If you’re trying to avoid getting gouged, there are historically only two alternatives to Managed NAT Gateways: 1. Don’t use private subnets. This is unthinkable to many organizations. 2. Manually manage your own NAT instances. This is a somewhat flimsy single point of failure.
NAT instances are somewhat fragile — rebooting one for a security update renders that entire private subnet unreachable until it comes back. There have been attempts to make them more durable via the use of Elastic IP addresses and some automation to update the routing table when a NAT instance fails. That still feels remarkably fragile and subject to significant disruption if an instance gets “stuck” somehow.
That’s where Ben came up with a third option: alterNAT.
alterNAT: An alternative NAT Gateway implementation
Like so many good ideas, the idea behind alterNAT is forehead-smackingly obvious when viewed through the clarifying lens of hindsight.
It’s not the $32 a month Managed NAT Gateway hourly charge that drives people to distraction — it’s the data processing fee that can, in many cases, cost millions of dollars a month. Rather than accepting NAT instances or the Managed NAT Gateway as being a binary decision, Ben saw a way to use both.
alterNAT uses a NAT instance with an Elastic IP address to handle traffic, and it stands up a Managed NAT Gateway. Then, it configures a Lambda function to automatically and continuously validate the health of the NAT instance. Should it fail the health check, the Lambda updates the VPC’s route table to direct traffic through the Managed NAT Gateway while it replaces the NAT instance and reassociates the EIP with the new instance.
In other words, rather than having a failure mode of “TCP now terminates on the floor,” alterNAT has a failure mode of “accept the overpriced data processing fees for the NAT Gateway for a few minutes, then go back to its more cost-efficient NAT instance once the environment stabilizes.” For large companies, it’s generally preferable to spend a bit of money on a few minutes of data processing than to spend a whole lot of money on it — or to fail to serve traffic entirely.
The economics of alterNAT
From where I sit, using alterNAT starts making sense somewhere around the point that you send 10 terabytes a month through your Managed NAT Gateways.
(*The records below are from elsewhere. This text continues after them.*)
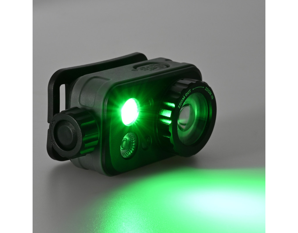 - GREEN MIDDLE (Режим зеленого світла середньої яскравості) – яскравість світла 20Lm. Дистанція освітлення налічує 10м. Тривалість роботи 28год. Інтенсивність світлового потоку 12cd.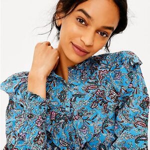 LOFT Bouquet Ruffle Shirt Blue Paisley Size XL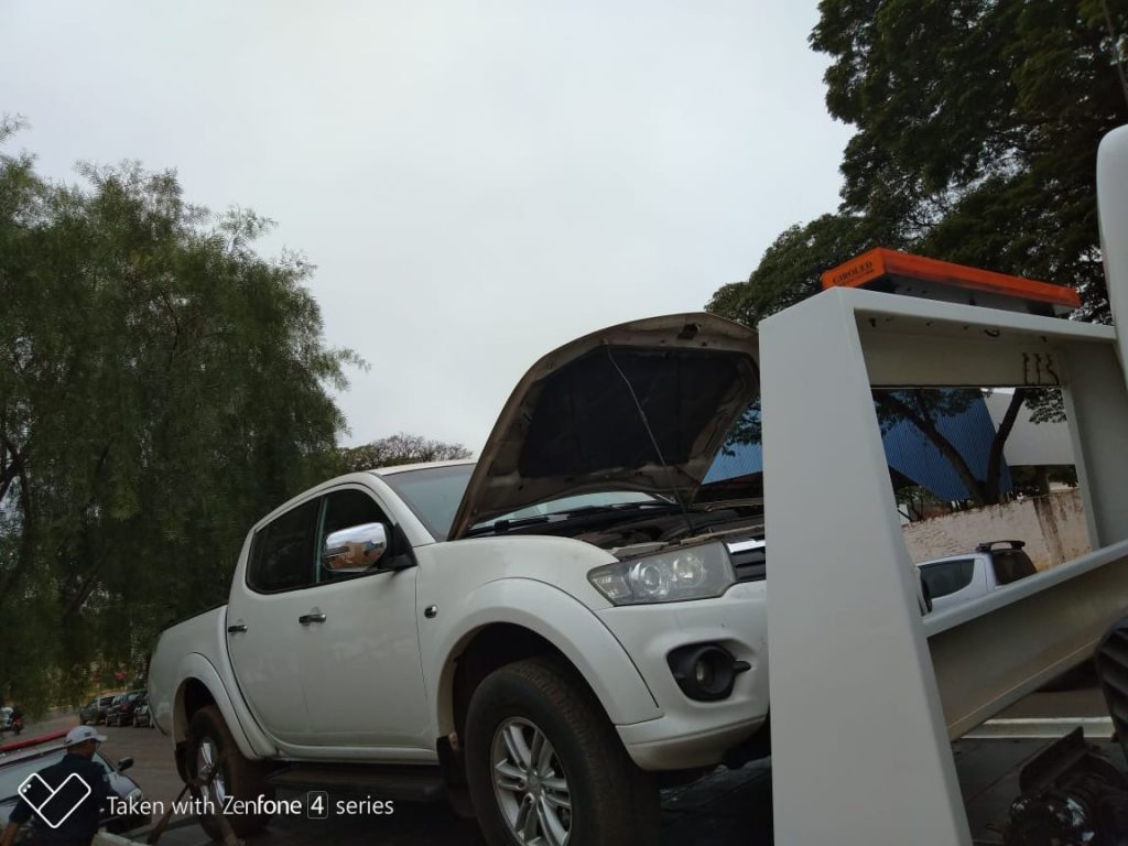 A equipe operacional de trânsito realizava fiscalização, quando deu ordem de parada ao condutor de um caminhão guincho que transportava na plataforma uma caminhonete com placas de Pouso Alegre-MG. O motorista relatou que foi contratado por um homem nesta manhã (02) para levar o veículo L.200 até a cidade de Dourados-MS por ter apresentado problemas no câmbio, segundo o contratante e que embarcou o veículo em um Hotel em Nova Andradina. Ainda segundo o condutor do guincho, o contratante não apresentou o documento do veículo e disse inicialmente que iria junto com o caminhão, porém no último momento resolveu ir com o um amigo que estava em um outro veículo com placas de Gloria de Dourados-MS e que estavam em companhia de uma mulher.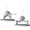 Ces araignées mécaniques quadrupèdes en forme de dôme sont équipées d'une redoutable puissance de feu frontale, leur permettant de remplir une grande variété de rôles sur le champ de bataille. La figurine peut être assemblée avec l'option d'un lance-flammes ou d'un blaster ionique.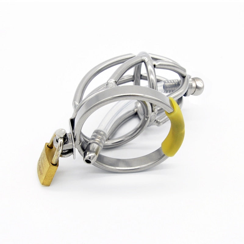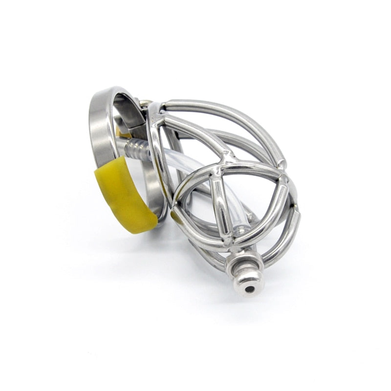 Stainless Steel Chastity Device with Catheter - Cage and Belt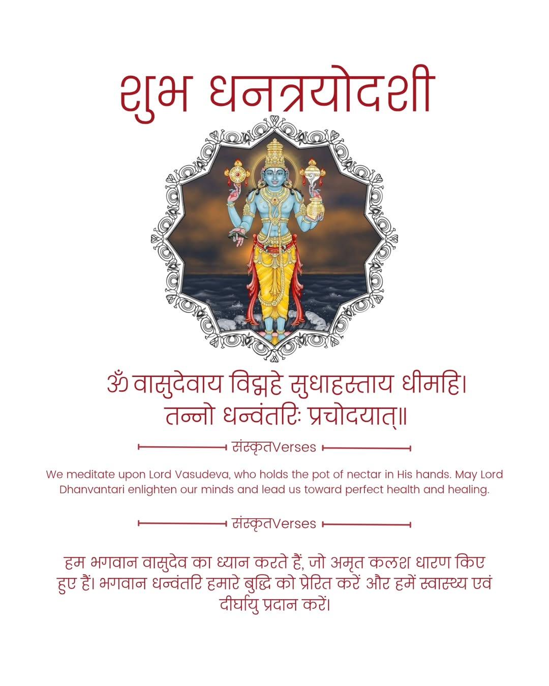 He appeared from the ocean (Samudra Manthan) holding a pot of Amrit (nectar of immortality) — symbolizing health, longevity, and healing.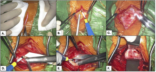 Figura 9. Resección del LVCP. A y B) Disección del ligamento. C) Resección del ligamento con Kerrison, se observa en profundidad color perlado de la duramadre.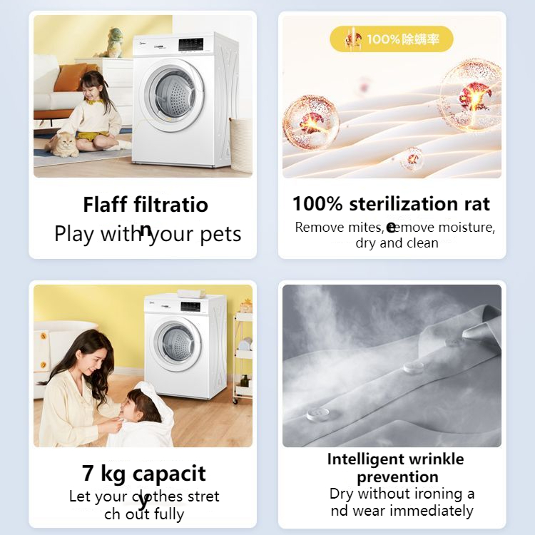 ✅FREE SHIPPING✅ Midea 7kg Dryer Healthy Drying Deodorant Mite Removal Fiber Three-Dimensional High Temperature MH70VZ10 dryer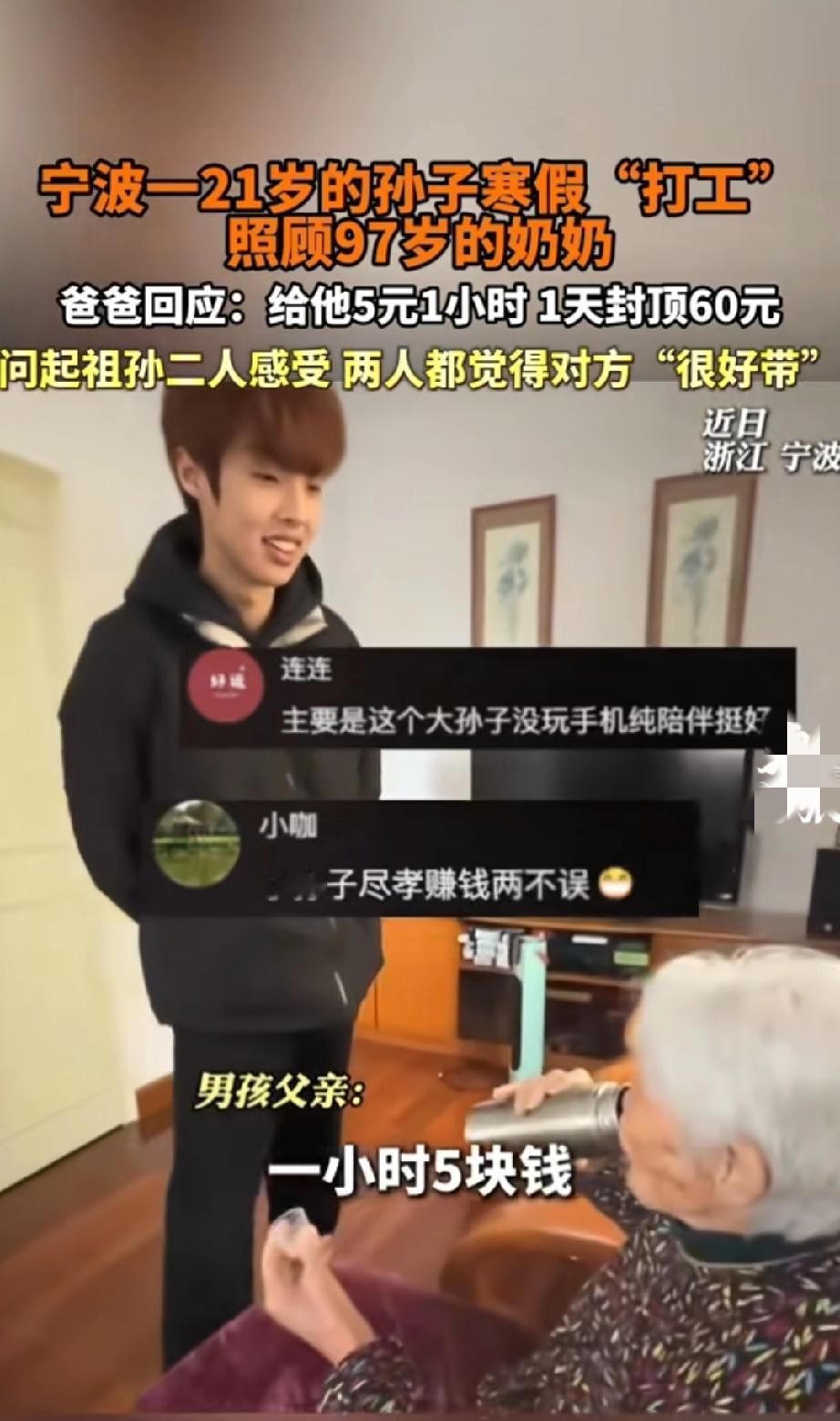 这挺好的,多方共赢,皆大欢喜! 孙子:奶奶没乱跑,这钱好赚! 奶奶:你放心,孙子不吵不闹,还给我端茶倒水,好带! 爸爸:结算的时候我还多给他10块,一天60块,这小子还挺乐呵。 儿子有人管,爸爸有班上,奶奶有人陪,真正意义上的三赢。[笑哭][笑哭][笑哭] 儿子挣工资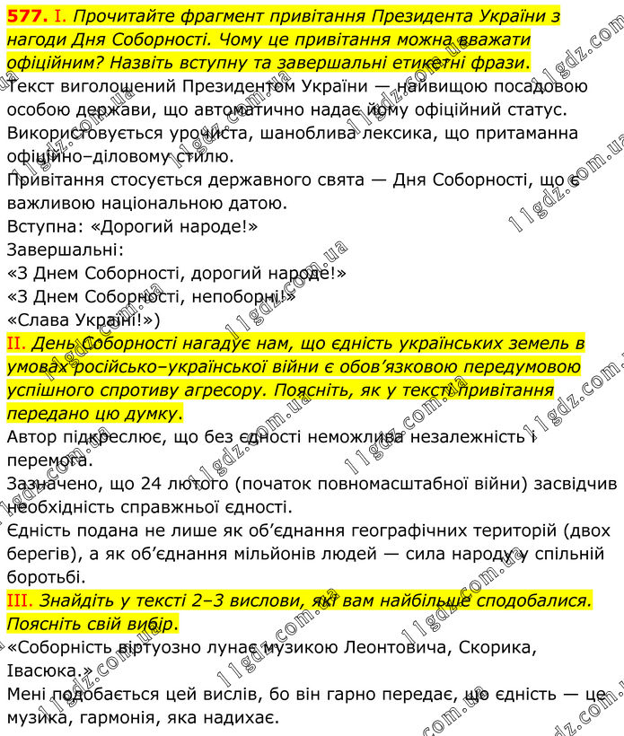 577. І. Прочитайте фрагмент привітання Президента України з нагоди Дня Соборності. Чому це привітання можна вважати офіційним? Назвіть вступну та завершальні етикетні фрази. Текст виголошений Президентом України — найвищою посадовою особою держави, що автоматично надає йому офіційний статус. Використовується урочиста, шаноблива лексика, що притаманна офіційно–діловому стилю. Привітання стосується державного свята — Дня Соборності, що є важливою національною датою. Вступна: «Дорогий народе!» Завершальні: «З Днем Соборності, дорогий народе!» «З Днем Соборності, непоборні!» «Слава Україні!») II. День Соборності нагадує нам, що єдність українських земель в умовах російсько–української війни є обов’язковою передумовою успішного спротиву агресору. Поясніть, як у тексті привітання передано цю думку. Автор підкреслює, що без єдності неможлива незалежність і перемога. Зазначено, що 24 лютого (початок повномасштабної війни) засвідчив необхідність справжньої єдності. Єдність подана не лише як об’єднання географічних територій (двох берегів), а як об’єднання мільйонів людей — сила народу у спільній боротьбі. III. Знайдіть у тексті 2–3 вислови, які вам найбільше сподобалися. Поясніть свій вибір. «Соборність віртуозно лунає музикою Леонтовича, Скорика, Івасюка.» Мені подобається цей вислів, бо він гарно передає, що єдність — це музика, гармонія, яка надихає.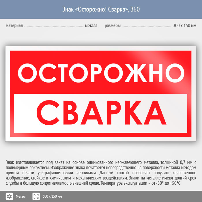 Знак «Осторожно! Сварка», B60 (металл, 300х150 мм) в Яхроме купить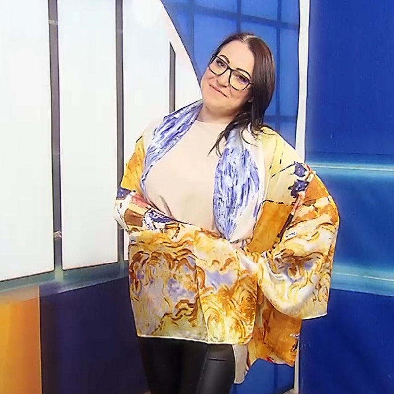 Šála-šátek ze 100% Pravého Hedvábí, 90 cm x 180 cm, Impresionistická vesnice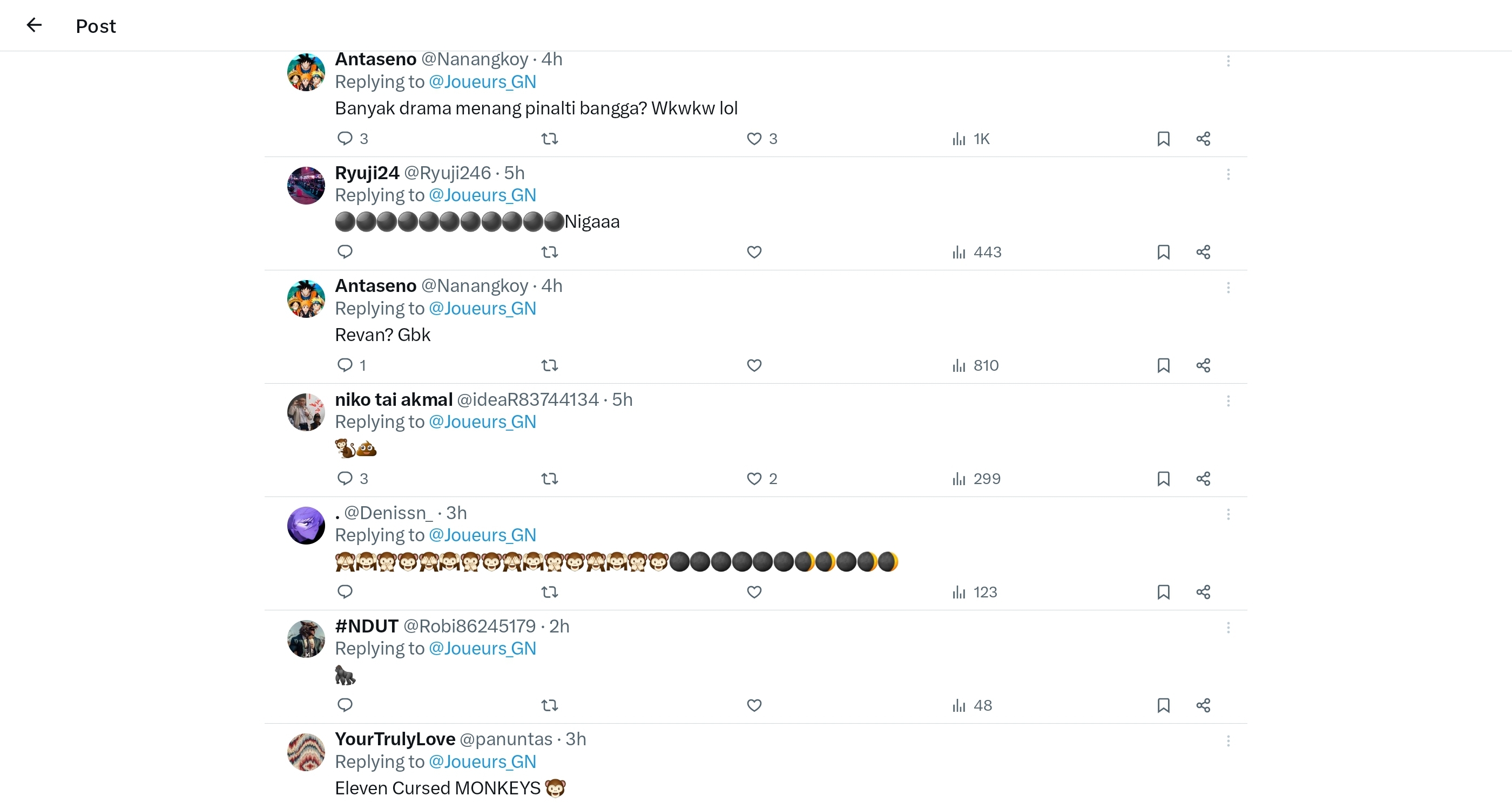 Pesan hujatan yang menyasar ke akun federasi sepak bola Guinea itu berbau rasis. Mulai dengan menyebut mereka monyet, lalu menempelkan gambar monyet. Selanjutnya ada juga yang menyebut black dan Nigga yang berarti negro.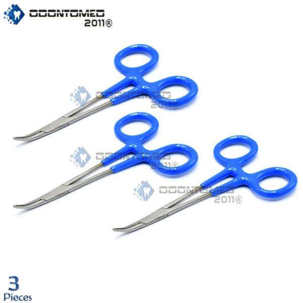 PRODUCT NAME: 3 Mosquito Forceps Curved 5″ With Blue PVC Dep Handle Surgical Instruments QUANTITY: 3 Pieces Brand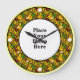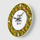 Yellow Floral Frame round photo frame behind the hour marks, Place your photo here custom wall clock, your photo will appear behind the round photo frame for a truly professional look - white gold dots for hour marks - 12,3,6 and 9 being larger dots, in a diamond shaped pattern looks great on round or square clocks

That costs you $450 in data processing fees that alterNAT can remove entirely. Depending upon which NAT instance size you select, you pay anywhere from $15 a month (not recommended!) on up to all of the money (which is absolutely not recommended!). Most sensible options look like network-optimized instances with at least 32 vCPUs (otherwise current generation instances will be limited to 5Gbps.
The way to do the math on this is quite simply to compare the cost of the instance you’ll use against the per-GB processing fee that shows on your bill. Remember that the Managed NAT Gateway data processing fee is purely additive; it replaces no egress or inter-AZ data transfer fees. Bottom line: It’s no exaggeration to say that this has the potential to save individual customers millions of dollars a month.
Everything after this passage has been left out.